Y
sin embargo a nosotras nos encantaban los centros comerciales. Mi prima Kiki
deseaba que, cuando se muriera, esparcieran sus cenizas por la planta de
señoras del Corte Inglés, porque ella nunca respiró más tranquilidad ni más
libertad que en aquel establecimiento recién inaugurado en Málaga capital donde lo mismo nos podíamos tomar un sándwich mixto que comprarnos un traje de
novia para que los cuentos se cumplieran.

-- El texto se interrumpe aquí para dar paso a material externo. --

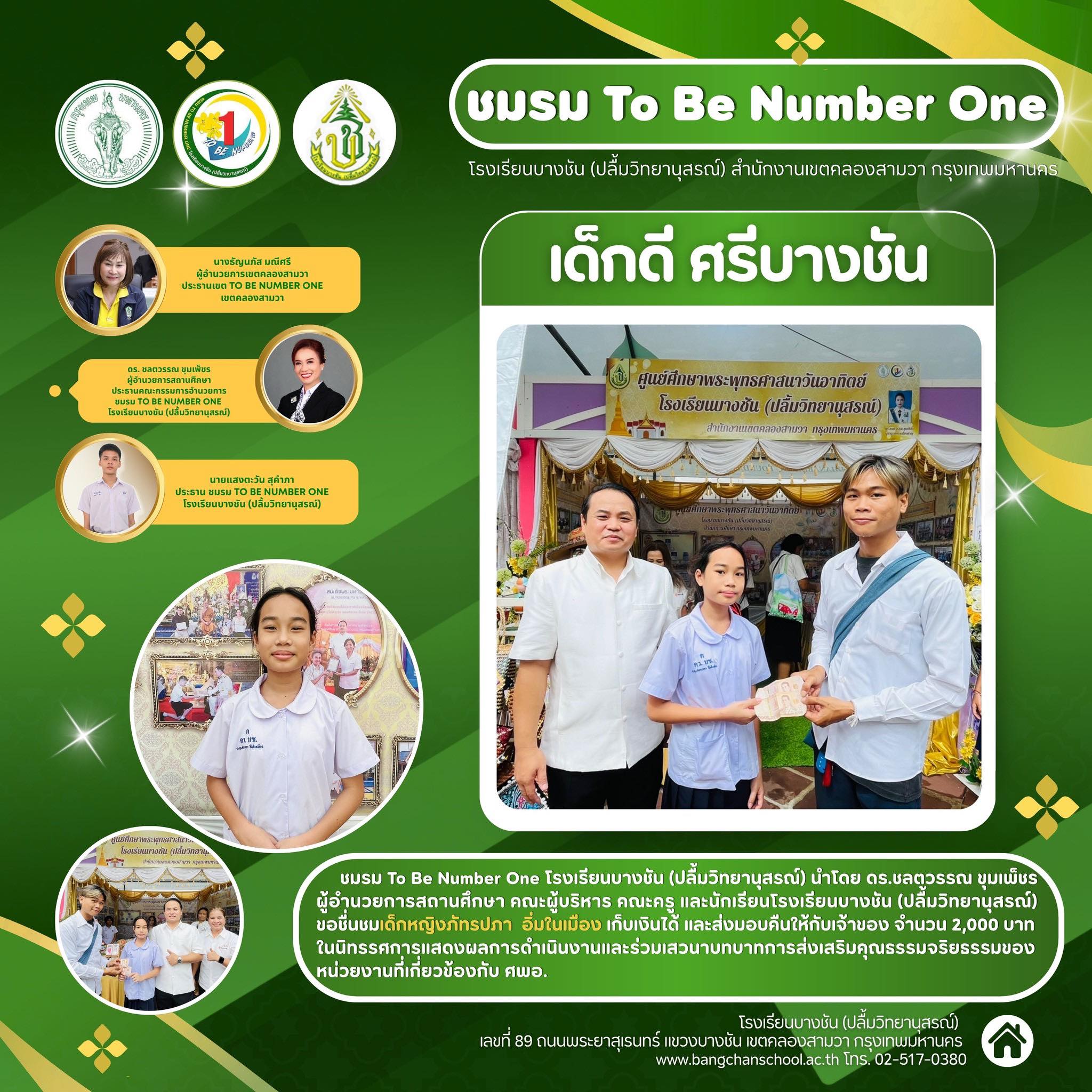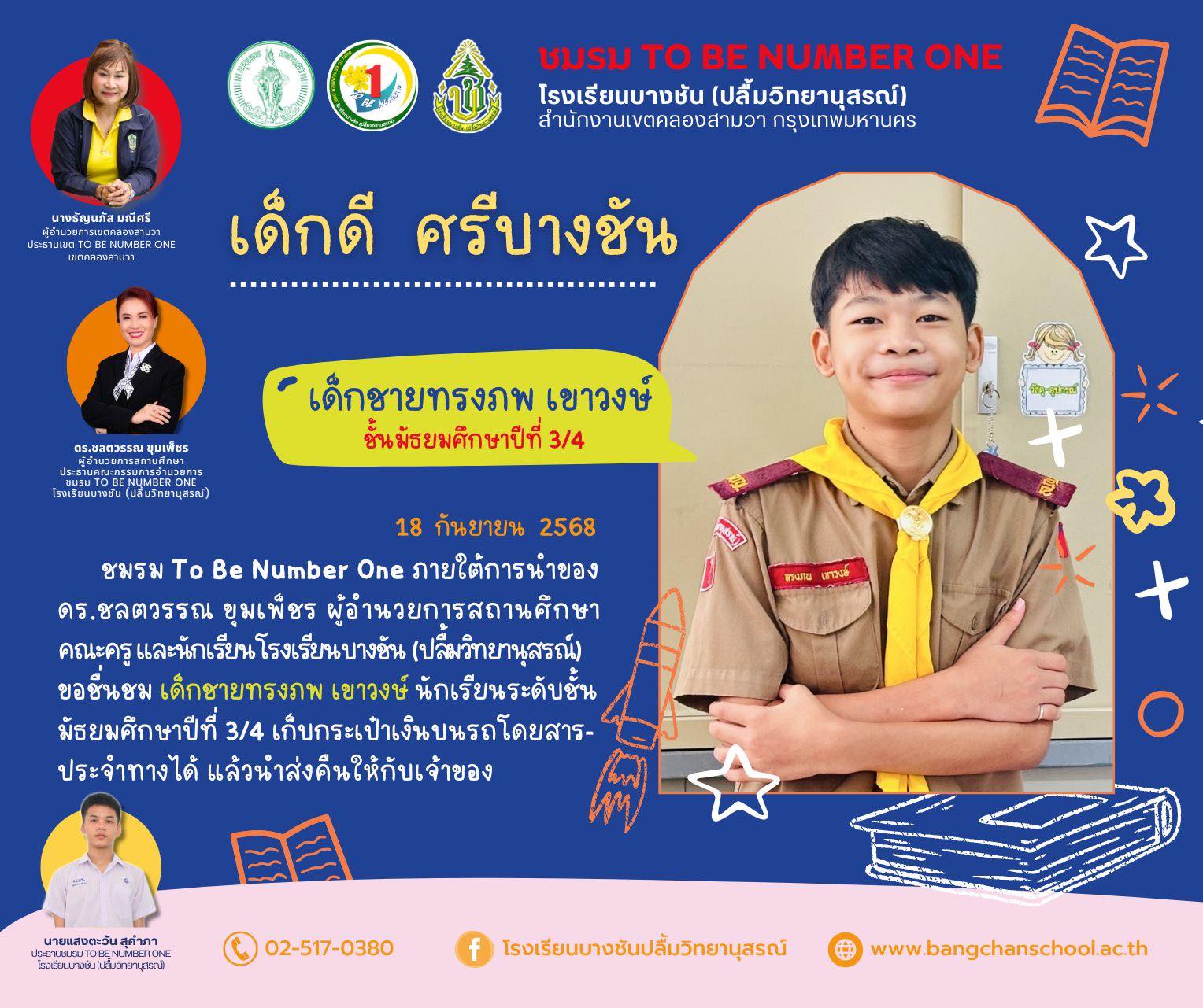 เด็กดี ศรีบางชัน****18 กันยายน 2568 ชมรม To Be Number One ภายใต้การนำของ ดร.ชลตวรรณ ขุมเพ็ชร ผู้อำนวยการสถานศึกษา คณะครู และนักเรียนโรงเรียนบางชัน (ปลื้มวิทยานุสรณ์) ขอชื่นชม เด็กชายทรงภพ เขาวงษ์ นักเรียนระดับชั้นมัธยมศึกษาปีที่ 3/4 เก็บกระเป๋าเงินบนรถโดยสารประจำทางได้ แล้วนำส่งคืนให้กับเจ...
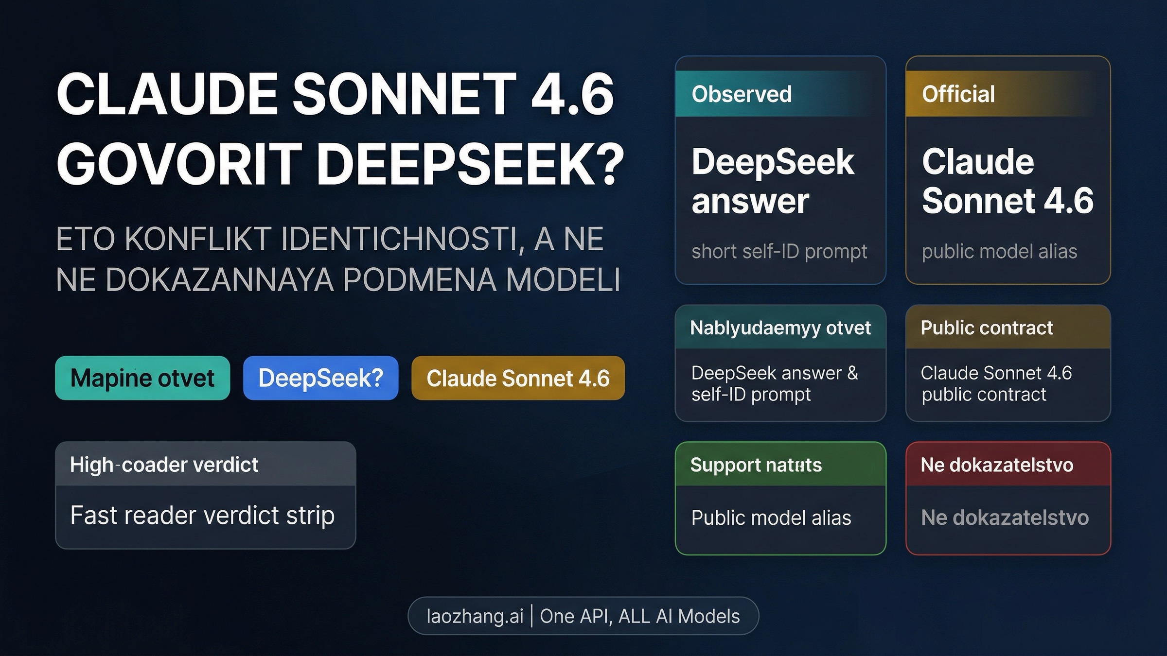 Claude Sonnet 4.6 в некоторых сценариях самоидентификации действительно может отвечать, что он DeepSeek, особенно когда prompt-оболочка слабо закрепляет его идентичность и вопрос задается в короткой форме на китайском. Самый полезный способ читать это поведение — видеть в нем сбой самоидентификации при слабом prompt boundary, а не готовое доказательство того, что Anthropic тайно подменила Sonnet на DeepSeek или что один скриншот уже закрывает вопрос о дистилляции.
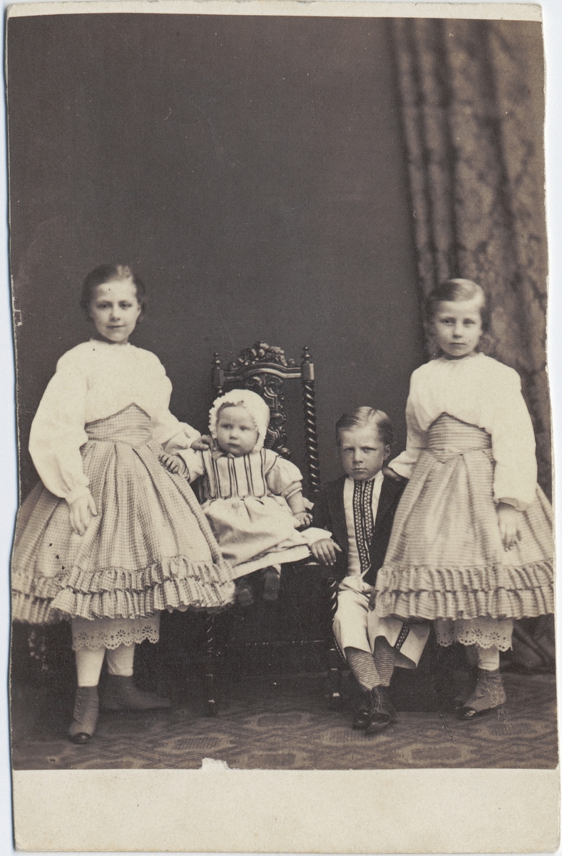 Kabinettkort. Porträtt av de fyra barnen Falkenius 1863. Två flickor klädda i volangkjol och blus står på var sida om en liten flicka sittande i en stol och en något större pojke som sitter bredvid henne.
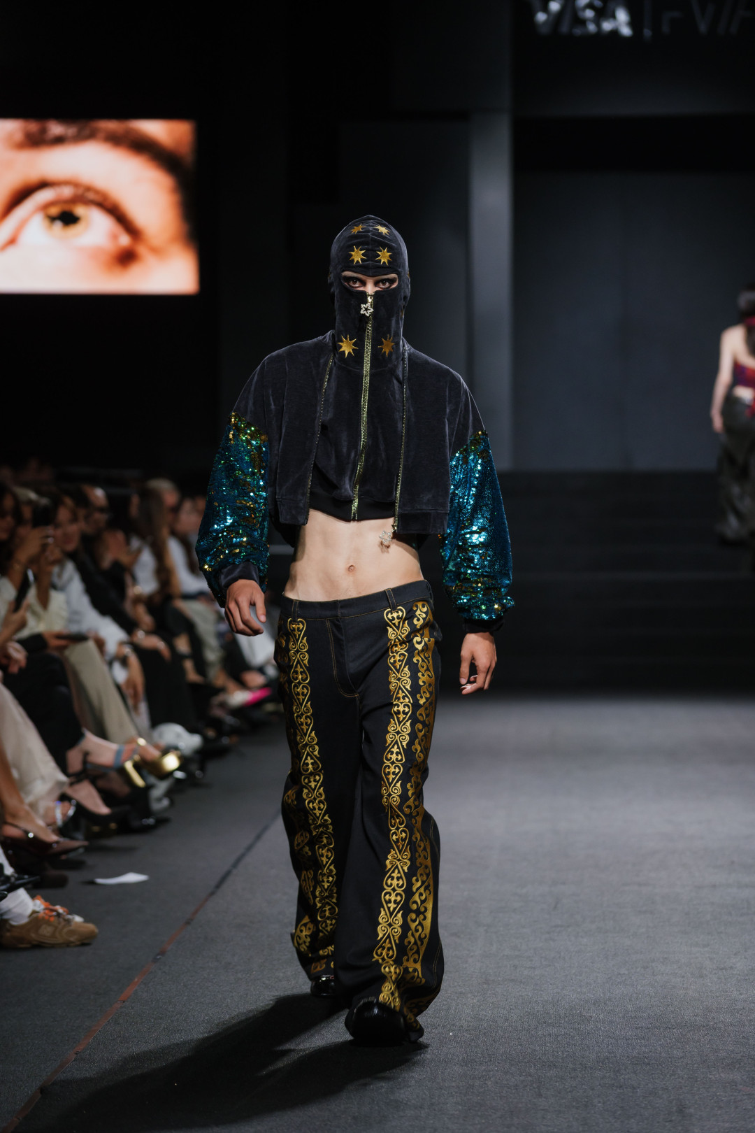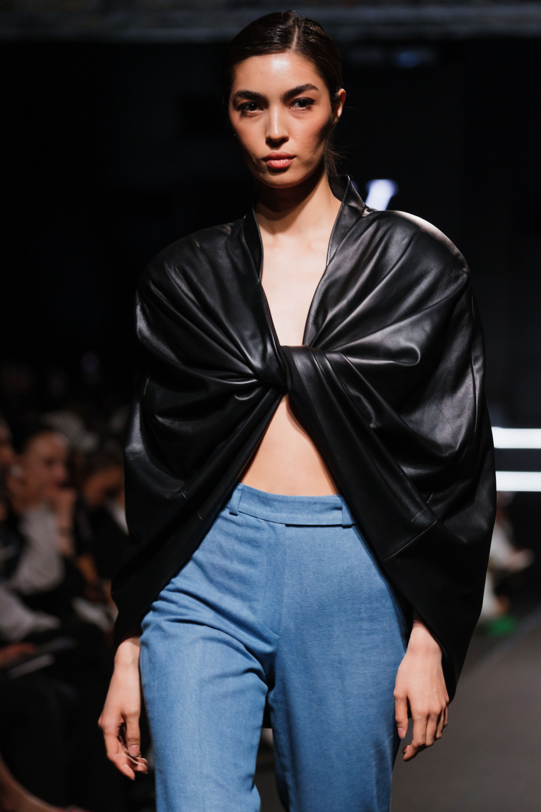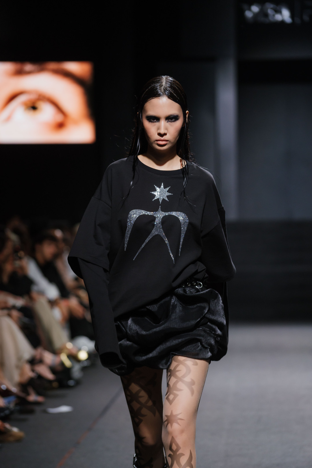 Еще одним почитателем родины стал бренд Kimmin. Но марка выбрала дерзкий гранжевый стиль, который был даже слегка агрессивным во время шоу. Команда уделила особое внимание (в очередной раз) своим корням, традициям и наследию, но пропустила их через призму смелости, воинственности и непокорности. С одной стороны линия Made In Kazakhstan обращается к локальным орнаментам, которые украшают брюки, топы и вельветовые куртки. С другой она показывает, что идентичность может быть какой угодно, главное, чтобы она отражала внутреннее свечение. Даже если все это могут выделить балаклавы, кружево, рваные силуэты и транспарантность.
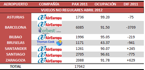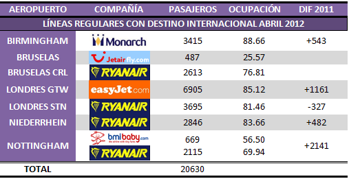 Ocupaciones muy buenas en general en el tráfico internacional, a destacar NRN. Y VLG mejora ocupación en su primer mes completo. Si siguen así el mes que viene será aún mejor. Una pena que no empezara a operar la ruta a LPL de RYR que seguro que hubiera funcionado muy bien.
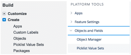 Let’s say you want a picklist value set to store T-shirt Sizes and then use this picklist value set on custom fields on Accounts and Contacts in your Salesforce instance. You can find picklist Value Sets under Create Section in Classic UI or under Objects and Fields in Lightning UI.
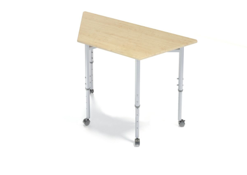 Парта на телескопических опорах меняет высоту. С помощью колес легко передвигается. 6 таких столов можно соединить в шестиугольник с нишей по центру.
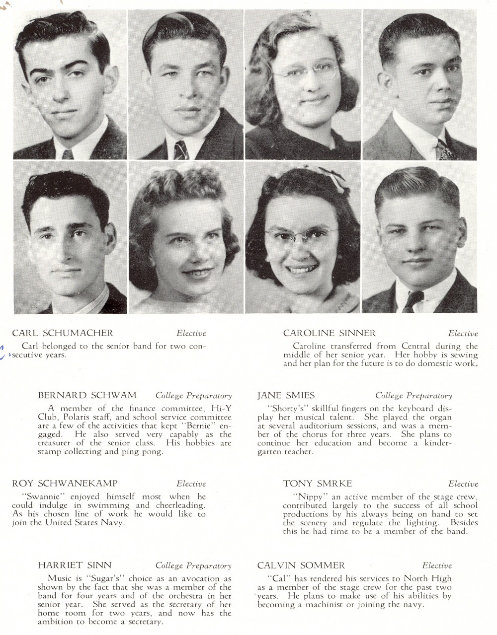 1941 Sheboygan North High School, Page 34: Carl Schumacher, Caroline Sinner, Bernard Schwam, Jane Smies, Roy Schwanekamp, Tony Smrke, Harriet Sinn, Calvin Sommer.
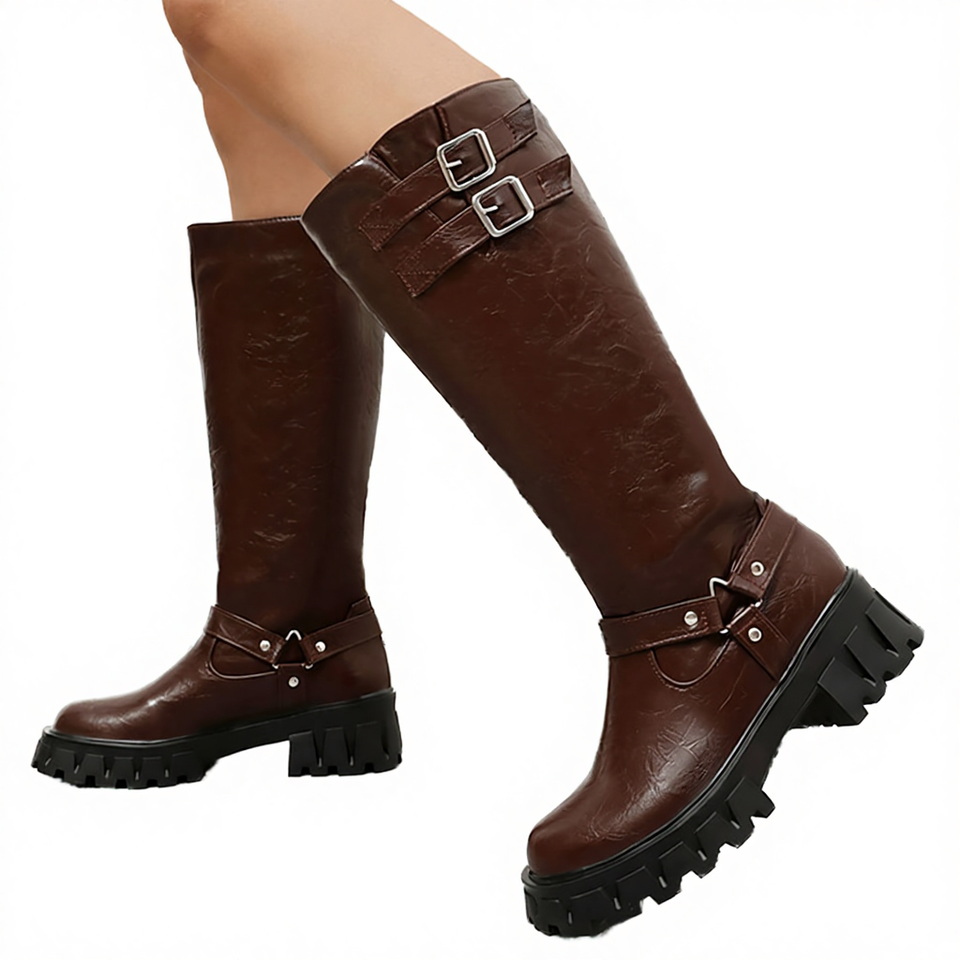Wholesale Women's Solid Chunky Heel Knee-High Boots with Metal Buckles Thick Sole for Winter Autumn Spring
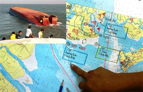 | Lực lượng cứu hộ tiếp cận tàu Hoàng Phúc 18 (ảnh nhỏ) và vị trí vụ tai nạn trên sông Soài Rạp. (Ảnh: Zing News) |
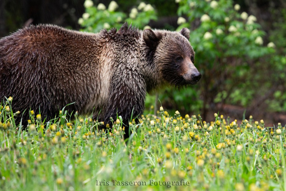 Het lukt om foto’s te maken. We houden de beer en ook de omgeving goed in de gaten, want ook in een auto ben je niet altijd veilig voor een beer. Zeker niet met het raam open. Maar jemig wat een mooi dier is het toch en hij ziet er zo onschuldig uit. Toch blijf ik bij de volgende wandeling lawaai maken, want lopend wil ik de grizzly niet ontmoeten.
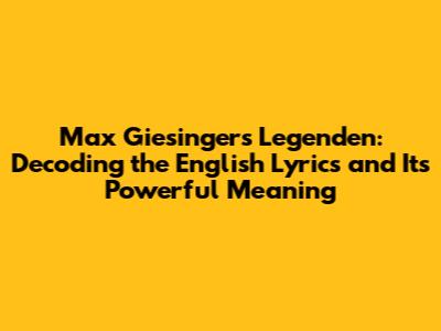 Max Giesinger Legenden: English Lyrics & Meaning Explained

Mi prima Kiki era divertidísima y
pensaba de cosas de política muy distinto a nosotros, pero eso nunca fue obstáculo
para que la amáramos profundamente como si fuera un campo de lavanda que nos
enseñara a todas lo que es recibir el sol de la mañana y la luz de la noche. Era
presumida, rebelde sin saberlo, conservadora sin imaginar que sus costumbres no
lo eran y sabía amar como María Félix o Rita Haywhorh. Y sobre todo era nuestro
contacto en la ciudad, la que nos esperaba en la parada de la calle Hoyo de esparteros y nos llevaba lo mismo a comer churros que a comprarnos bragas. Era
la que nos regalaba sujetadores de encaje negro y a la que no se le podía decir: “Prima
que bonito reloj llevas” porque si no te lo daba. Era la generosidad en persona.
Y nos hinchábamos reír con ella, tenía
muy buen humor y era una mujer que se ganaba su sueldo, trabajaba en las
bodegas Larios poniéndole etiquetas a las botellas de ginebra y, además, era
coleccionista de vitolas. Para colmo tenía un amante con un ojo de cada color y
una vez hizo con mi madre una ensaladilla rusa con pescada que estaba
exquisita, en su punto.
Sabía todo sobre las cremas que te
tenías que echar en la cara, iba todas las semanas a la peluquería y tenía el pelo hermosamente rubio como sólo
ella podía tenerlo. Estéticamente era una chica como las que describe Carmen Martín Gaite en
su libro Usos amorosos de la posguerra,
una chica topolino. Una chica topolino contradictoria.
Con ella aprendí que el estado
democrático es también un teatro, y que debemos ser cuidadosos y no romper el
escenario ni las cortinas, que cada persona reserva en su alma los ideales
imposibles y los posibles y que aquí “cabemos todos o no cabe ni Dios”. También
me enseñó a ser seductora y a ponerme ligueros y, sorprendentemente, a pesar de
ir todos los sábados por la tarde a misa, me enseñó a no confesarme nunca con
los curas y a comulgar siempre, porque las mujeres siempre estamos libres de
pecado.
Era extraordinaria y algunas veces
enrojecía cuando alguien la miraba descaradamente. La timidez sería el signo de
nuestra familia y el miedo a ser humillados. Pero, en fin, teníamos la risa, la
capacidad de convertirnos en payasos y ante eso no podía resistirse nadie,
fuera como fuera. Y sobre todo teníamos una tarea inmensa, guardada
casi como un secreto, un llamamiento vocacional: la necesidad de sembrar allá
por donde pasáramos el embriagador perfume de la concordia.